From: Damien Le Moal <dlemoal@kernel.org>
To: Nitesh Shetty <nj.shetty@samsung.com>,
Jens Axboe <axboe@kernel.dk>, Jonathan Corbet <corbet@lwn.net>,
Alasdair Kergon <agk@redhat.com>,
Mike Snitzer <snitzer@kernel.org>,
Mikulas Patocka <mpatocka@redhat.com>,
Keith Busch <kbusch@kernel.org>, Christoph Hellwig <hch@lst.de>,
Sagi Grimberg <sagi@grimberg.me>,
Chaitanya Kulkarni <kch@nvidia.com>,
Alexander Viro <viro@zeniv.linux.org.uk>,
Christian Brauner <brauner@kernel.org>, Jan Kara <jack@suse.cz>
Cc: martin.petersen@oracle.com, bvanassche@acm.org,
david@fromorbit.com, hare@suse.de,
damien.lemoal@opensource.wdc.com, anuj20.g@samsung.com,
joshi.k@samsung.com, nitheshshetty@gmail.com,
gost.dev@samsung.com, linux-block@vger.kernel.org,
linux-kernel@vger.kernel.org, linux-doc@vger.kernel.org,
dm-devel@lists.linux.dev, linux-nvme@lists.infradead.org,
linux-fsdevel@vger.kernel.org
Subject: Re: [PATCH v20 01/12] block: Introduce queue limits and sysfs for copy-offload support
Date: Mon, 20 May 2024 16:33:15 +0200 [thread overview]
Message-ID: <c31f663f-36c0-4db2-8bf6-8e3c699073ca@kernel.org> (raw)
In-Reply-To: <20240520102033.9361-2-nj.shetty@samsung.com>
On 2024/05/20 12:20, Nitesh Shetty wrote:
> Add device limits as sysfs entries,
> - copy_max_bytes (RW)
> - copy_max_hw_bytes (RO)
>
> Above limits help to split the copy payload in block layer.
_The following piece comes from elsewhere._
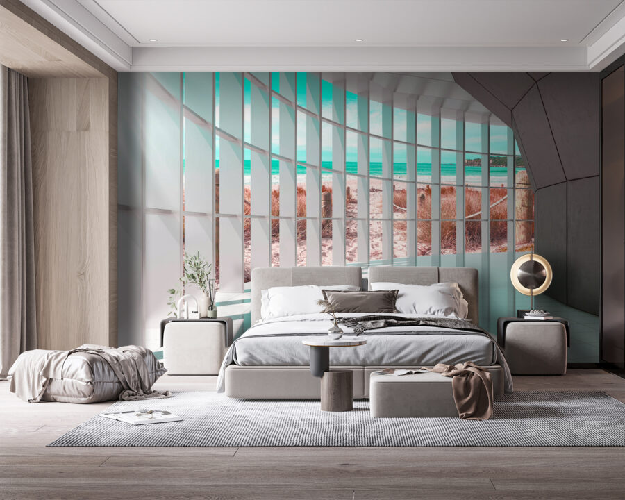 Wyobraź sobie, że wchodzisz do pokoju skąpanego w ciepłym słońcu, gdzie spokojny błękit oceanu wita cię przez eleganckie, nowoczesne okna. Dokładnie to otrzymasz dzięki fototapecie ściennej “Słoneczny pokój z widokiem na ocean”. To nie tylko fototapeta – to mini-wakacje dla twoich ścian! Idealna do dodania odrobiny nadmorskiego spokoju do każdej przestrzeni. Niezależnie od tego, czy jest to salon, czy miejsce do pracy, ten oszałamiający projekt 3D sprawi, że poczujesz się jak na plaży. Prawie słychać fale, prawda? Zanurz się w tym widoku i pozwól, aby kawałek oceanu uspokoił Twój dzień. Piękny i relaksujący, sprawi, że Twój dom poczuje się jak nadmorski raj. 🌊🌞
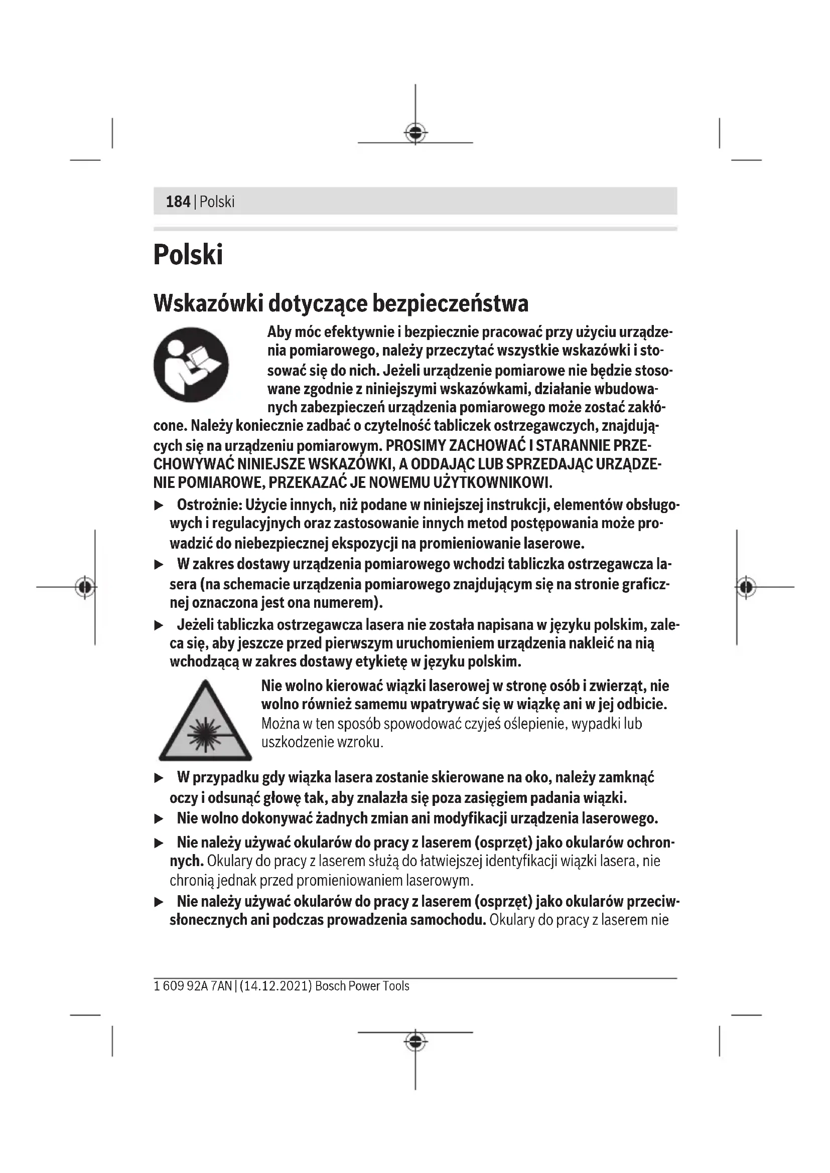 Karasoku Mahallesi 28028. Sokak No:20/A Merkez / ADANA Tel.: +903223599710 -3521379 Fax: +903223591323 E-mail: isiklar@isiklarelektrik.com Diğer servis adreslerini şurada bulabilirsiniz: www.bosch-pt.com/serviceaddresses Tasfiye Ölçme cihazları, aksesuar ve ambalaj malzemesi çevre dostu tasfiye amacıyla bir geri dönüşüm merkezine yollanmalıdır. Ölçme cihazını ve bataryaları evsel çöplerin içine atmayın! Sadece AB ülkeleri için: 2012/19/EU yönetmeliği uyarınca kullanım ömrünü tamamlamış ölçme cihazları ve 2006/66/EC yönetmeliği uyarınca arızalı veya kullanım ömrünü tamamlamış aküler/ bataryalar ayrı ayrı toplanmak ve çevre dostu tasfiye için bir geri dönüşüm merkezine yollanmak zorundadır. Bosch Power Tools 1 609 92A 7AN | (14.12.2021)184 | Polski Polski Wskazówki dotyczące bezpieczeństwa Aby móc efektywnie i bezpiecznie pracować przy użyciu urządze- nia pomiarowego, należy przeczytać wszystkie wskazówki i sto- sować się do nich. Jeżeli urządzenie pomiarowe nie będzie stoso- wane zgodnie z niniejszymi wskazówkami, działanie wbudowa- nych zabezpieczeń urządzenia pomiarowego może zostać zakłó- cone. Należy koniecznie zadbać o czytelność tabliczek ostrzegawczych, znajdują- cych się na urządzeniu pomiarowym. PROSIMY ZACHOWAĆ I STARANNIE PRZE- CHOWYWAĆ NINIEJSZE WSKAZÓWKI, A ODDAJĄC LUB SPRZEDAJĄC URZĄDZE- NIE POMIAROWE, PRZEKAZAĆ JE NOWEMU UŻYTKOWNIKOWI. u Ostrożnie: Użycie innych, niż podane w niniejszej instrukcji, elementów obsługo- wych iregulacyjnych oraz zastosowanie innych metod postępowania może pro- wadzić do niebezpiecznej ekspozycji na promieniowanie laserowe. u W zakres dostawy urządzenia pomiarowego wchodzi tabliczka ostrzegawcza la- sera (na schemacie urządzenia pomiarowego znajdującym się na stronie graficz- nej oznaczona jest ona numerem). u Jeżeli tabliczka ostrzegawcza lasera nie została napisana w języku polskim, zale- ca się, aby jeszcze przed pierwszym uruchomieniem urządzenia nakleić na nią wchodzącą w zakres dostawy etykietę w języku polskim. Nie wolno kierować wiązki laserowej wstronę osób i zwierząt, nie wolno również samemu wpatrywać się w wiązkę ani w jej odbicie. Można w ten sposób spowodować czyjeś oślepienie, wypadki lub uszkodzenie wzroku. u W przypadku gdy wiązka lasera zostanie skierowane na oko, należy zamknąć oczy i odsunąć głowę tak, aby znalazła się poza zasięgiem padania wiązki. u Nie wolno dokonywać żadnych zmian ani modyfikacji urządzenia laserowego. u Nie należy używać okularów do pracy z laserem (osprzęt) jako okularów ochron- nych. Okulary do pracy z laserem służą do łatwiejszej identyfikacji wiązki lasera, nie chronią jednak przed promieniowaniem laserowym. u Nie należy używać okularów do pracy z laserem (osprzęt) jako okularów przeciw- słonecznych ani podczas prowadzenia samochodu. Okulary do pracy z laserem nie 1 609 92A 7AN | (14.12.2021) Bosch Power ToolsPolski | 185 zapewniają całkowitej ochrony przed promieniowaniem UV i utrudniają rozróżnianie kolorów. u Naprawę urządzenia pomiarowego należy zlecać wyłącznie wykwalifikowanym fachowcom i wykonać ją tylko przy użyciu oryginalnych części zamiennych. Tylko w ten sposób zagwarantowane zostanie zachowanie bezpieczeństwa urządzenia. u Nie wolno udostępniać laserowego urządzenia pomiarowego do użytkowania dzieciom pozostawionym bez nadzoru. Mogą one nieumyślnie oślepić inne osoby lub same siebie. u Nie należy stosować tego urządzenia pomiarowego w otoczeniu zagrożonym wy- buchem, wktórym znajdują się łatwopalne ciecze, gazy lub pyły. W urządzeniu po- miarowym może dojść do utworzenia iskier, które mogą spowodować zapłon pyłów lub oparów. Nie należy umieszczać urządzenia pomiarowego i akcesoriów ma- gnetycznych w pobliżu implantów oraz innych urządzeń medycz- nych, np. rozrusznika serca lub pompy insulinowej. Magnesy urzą- dzenia pomiarowego i akcesoriów wytwarzają pole, które może zakłó- cić działanie implantów i urządzeń medycznych. u Urządzenie pomiarowe i akcesoria magnetyczne należy przechowywać z dala od magnetycznych nośników danych oraz urządzeń wrażliwych magnetycznie. Pod wpływem działania magnesów urządzenia pomiarowego i akcesoriów może dojść do nieodwracalnej utraty danych. Opis urządzenia i jego zastosowania Proszę zwrócić uwagę na rysunki zamieszczone na początku instrukcji obsługi. Użycie zgodne z przeznaczeniem Urządzenie pomiarowe przeznaczone jest do wyznaczania i wskazywania linii poziomych i pionowych. Urządzenie pomiarowe dostosowane jest do pracy w pomieszczeniach i na zewnątrz. Przedstawione graficznie komponenty Numeracja przedstawionych komponentów odnosi się do schematu urządzenia pomiaro- wego, znajdującego się na stronie graficznej. (1) Otwór wyjściowy wiązki lasera (2) Włącznik/wyłącznik (3) Przyłącze statywu 5/8" Bosch Power Tools 1 609 92A 7AN | (14.12.2021)186 | Polski (4) Przyłącze statywu 1/4" (5) Przycisk trybu pionowego (6) Przycisk trybu poziomego (7) Wskaźnik stanu (8) Wskaźnik blokady mechanizmu wahadła (9) Tabliczka ostrzegawcza lasera (10) Numer seryjny (11) Pokrywka wnęki na baterie (12) Blokada pokrywki wnęki na baterie (13) Uchwyt obrotowy (RM1)

> copy_max_bytes: maximum total length of copy in single payload.
> copy_max_hw_bytes: Reflects the device supported maximum limit.
>
> Signed-off-by: Nitesh Shetty <nj.shetty@samsung.com>
> Signed-off-by: Kanchan Joshi <joshi.k@samsung.com>
> Signed-off-by: Anuj Gupta <anuj20.g@samsung.com>
> ---
> Documentation/ABI/stable/sysfs-block | 23 +++++++++++++++
> block/blk-settings.c | 34 ++++++++++++++++++++--
> block/blk-sysfs.c | 43 ++++++++++++++++++++++++++++
> include/linux/blkdev.h | 14 +++++++++
> 4 files changed, 112 insertions(+), 2 deletions(-)
>
> diff --git a/Documentation/ABI/stable/sysfs-block b/Documentation/ABI/stable/sysfs-block
> index 831f19a32e08..52d8a253bf8e 100644
> --- a/Documentation/ABI/stable/sysfs-block
> +++ b/Documentation/ABI/stable/sysfs-block
> @@ -165,6 +165,29 @@ Description:
> last zone of the device which may be smaller.
>
>
> +What: /sys/block/<disk>/queue/copy_max_bytes
> +Date: May 2024
> +Contact: linux-block@vger.kernel.org
> +Description:
> + [RW] This is the maximum number of bytes that the block layer
> + will allow for a copy request. This is always smaller or
> + equal to the maximum size allowed by the hardware, indicated by
> + 'copy_max_hw_bytes'. An attempt to set a value higher than
> + 'copy_max_hw_bytes' will truncate this to 'copy_max_hw_bytes'.
> + Writing '0' to this file will disable offloading copies for this
> + device, instead copy is done via emulation.
> +
> +
> +What: /sys/block/<disk>/queue/copy_max_hw_bytes
> +Date: May 2024
> +Contact: linux-block@vger.kernel.org
> +Description:
> + [RO] This is the maximum number of bytes that the hardware
> + will allow for single data copy request.
> + A value of 0 means that the device does not support
> + copy offload.
> +
> +
> What: /sys/block/<disk>/queue/crypto/
> Date: February 2022
> Contact: linux-block@vger.kernel.org
> diff --git a/block/blk-settings.c b/block/blk-settings.c
> index a7fe8e90240a..67010ed82422 100644
> --- a/block/blk-settings.c
> +++ b/block/blk-settings.c
> @@ -52,6 +52,9 @@ void blk_set_stacking_limits(struct queue_limits *lim)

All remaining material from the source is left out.